• [Directions for this task]:
Exact copies of all the lines below are wanted, without a single picture.

• [Entries shown]:
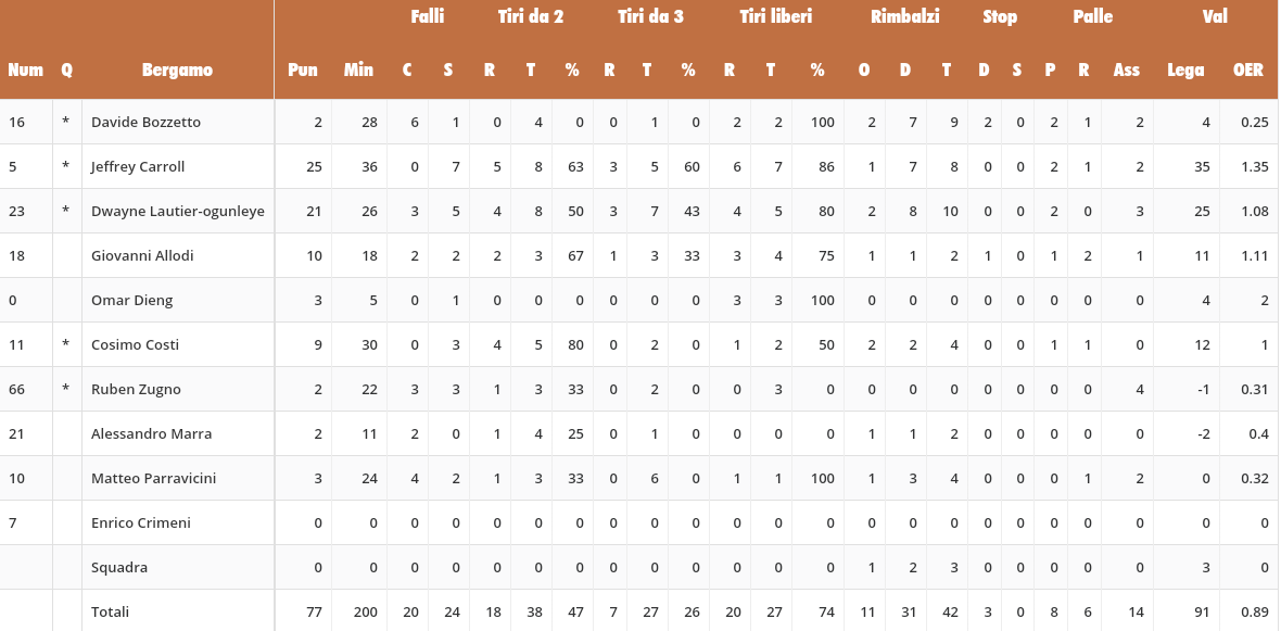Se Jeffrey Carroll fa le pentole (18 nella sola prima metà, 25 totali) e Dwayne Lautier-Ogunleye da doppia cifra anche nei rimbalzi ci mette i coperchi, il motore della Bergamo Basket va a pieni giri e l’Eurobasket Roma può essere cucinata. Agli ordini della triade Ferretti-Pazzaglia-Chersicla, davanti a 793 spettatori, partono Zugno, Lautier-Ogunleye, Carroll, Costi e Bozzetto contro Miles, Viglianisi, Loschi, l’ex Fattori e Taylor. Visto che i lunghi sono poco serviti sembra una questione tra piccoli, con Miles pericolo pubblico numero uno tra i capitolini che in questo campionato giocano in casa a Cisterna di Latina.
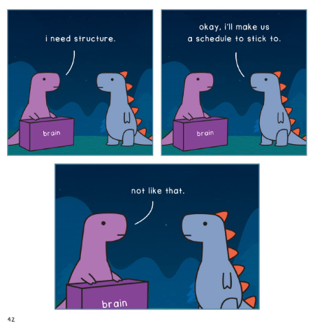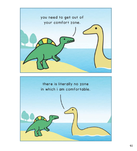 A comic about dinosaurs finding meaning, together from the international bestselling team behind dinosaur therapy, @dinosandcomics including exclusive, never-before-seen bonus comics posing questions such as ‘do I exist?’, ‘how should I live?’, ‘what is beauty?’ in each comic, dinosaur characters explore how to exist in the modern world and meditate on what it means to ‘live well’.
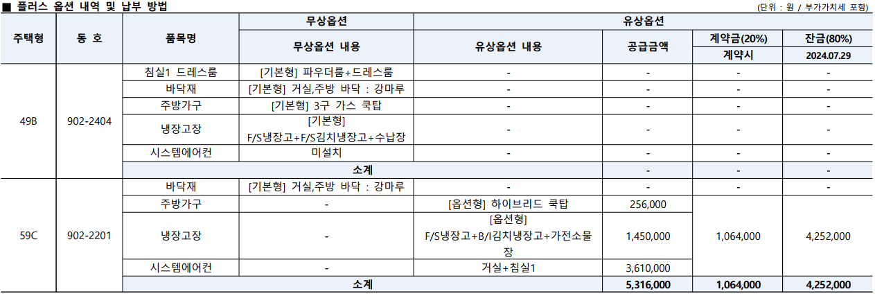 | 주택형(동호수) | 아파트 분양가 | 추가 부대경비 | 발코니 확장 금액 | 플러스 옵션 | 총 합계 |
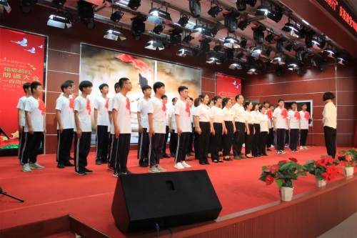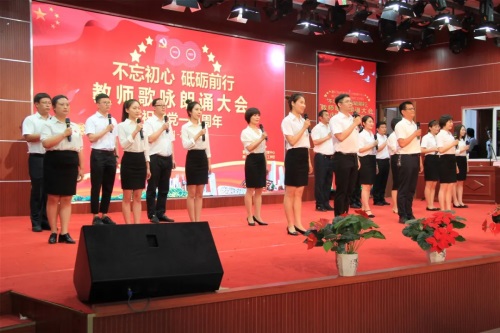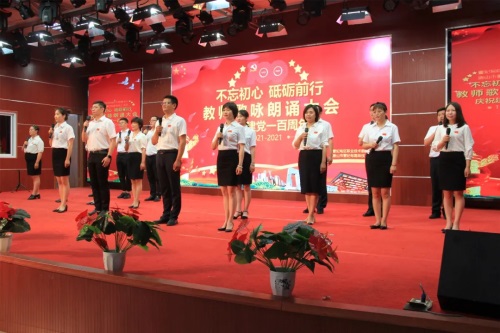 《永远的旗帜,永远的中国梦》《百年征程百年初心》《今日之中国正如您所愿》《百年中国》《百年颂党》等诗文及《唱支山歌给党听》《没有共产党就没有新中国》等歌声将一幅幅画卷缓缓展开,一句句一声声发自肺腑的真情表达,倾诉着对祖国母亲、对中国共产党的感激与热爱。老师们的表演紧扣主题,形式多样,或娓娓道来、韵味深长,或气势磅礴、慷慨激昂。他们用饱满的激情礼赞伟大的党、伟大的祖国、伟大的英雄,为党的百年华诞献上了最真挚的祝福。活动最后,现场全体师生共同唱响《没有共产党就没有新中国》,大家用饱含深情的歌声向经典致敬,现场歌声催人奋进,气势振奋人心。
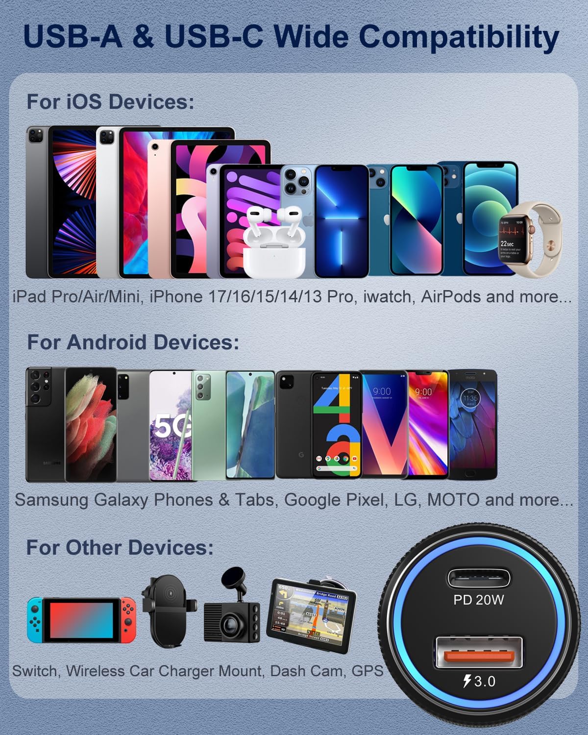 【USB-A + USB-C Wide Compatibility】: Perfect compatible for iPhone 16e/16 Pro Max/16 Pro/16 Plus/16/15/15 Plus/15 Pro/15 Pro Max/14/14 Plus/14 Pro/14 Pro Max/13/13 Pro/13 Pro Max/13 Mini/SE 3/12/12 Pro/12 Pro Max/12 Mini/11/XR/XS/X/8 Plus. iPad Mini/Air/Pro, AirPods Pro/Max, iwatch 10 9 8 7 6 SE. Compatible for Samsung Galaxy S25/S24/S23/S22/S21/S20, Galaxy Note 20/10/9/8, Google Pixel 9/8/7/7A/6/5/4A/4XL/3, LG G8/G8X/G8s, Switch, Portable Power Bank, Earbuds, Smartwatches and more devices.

• [Problem solution]:
Se Jeffrey Carroll fa le pentole (18 nella sola prima metà, 25 totali) e Dwayne Lautier-Ogunleye da doppia cifra anche nei rimbalzi ci mette i coperchi, il motore della Bergamo Basket va a pieni giri e l’Eurobasket Roma può essere cucinata. Agli ordini della triade Ferretti-Pazzaglia-Chersicla, davanti a 793 spettatori, partono Zugno, Lautier-Ogunleye, Carroll, Costi e Bozzetto contro Miles, Viglianisi, Loschi, l’ex Fattori e Taylor. Visto che i lunghi sono poco serviti sembra una questione tra piccoli, con Miles pericolo pubblico numero uno tra i capitolini che in questo campionato giocano in casa a Cisterna di Latina.
 A comic about dinosaurs finding meaning, together from the international bestselling team behind dinosaur therapy, @dinosandcomics including exclusive, never-before-seen bonus comics posing questions such as ‘do I exist?’, ‘how should I live?’, ‘what is beauty?’ in each comic, dinosaur characters explore how to exist in the modern world and meditate on what it means to ‘live well’.
 | 주택형(동호수) | 아파트 분양가 | 추가 부대경비 | 발코니 확장 금액 | 플러스 옵션 | 총 합계 |
 《永远的旗帜,永远的中国梦》《百年征程百年初心》《今日之中国正如您所愿》《百年中国》《百年颂党》等诗文及《唱支山歌给党听》《没有共产党就没有新中国》等歌声将一幅幅画卷缓缓展开,一句句一声声发自肺腑的真情表达,倾诉着对祖国母亲、对中国共产党的感激与热爱。老师们的表演紧扣主题,形式多样,或娓娓道来、韵味深长,或气势磅礴、慷慨激昂。他们用饱满的激情礼赞伟大的党、伟大的祖国、伟大的英雄,为党的百年华诞献上了最真挚的祝福。活动最后,现场全体师生共同唱响《没有共产党就没有新中国》,大家用饱含深情的歌声向经典致敬,现场歌声催人奋进,气势振奋人心。
 【USB-A + USB-C Wide Compatibility】: Perfect compatible for iPhone 16e/16 Pro Max/16 Pro/16 Plus/16/15/15 Plus/15 Pro/15 Pro Max/14/14 Plus/14 Pro/14 Pro Max/13/13 Pro/13 Pro Max/13 Mini/SE 3/12/12 Pro/12 Pro Max/12 Mini/11/XR/XS/X/8 Plus. iPad Mini/Air/Pro, AirPods Pro/Max, iwatch 10 9 8 7 6 SE. Compatible for Samsung Galaxy S25/S24/S23/S22/S21/S20, Galaxy Note 20/10/9/8, Google Pixel 9/8/7/7A/6/5/4A/4XL/3, LG G8/G8X/G8s, Switch, Portable Power Bank, Earbuds, Smartwatches and more devices.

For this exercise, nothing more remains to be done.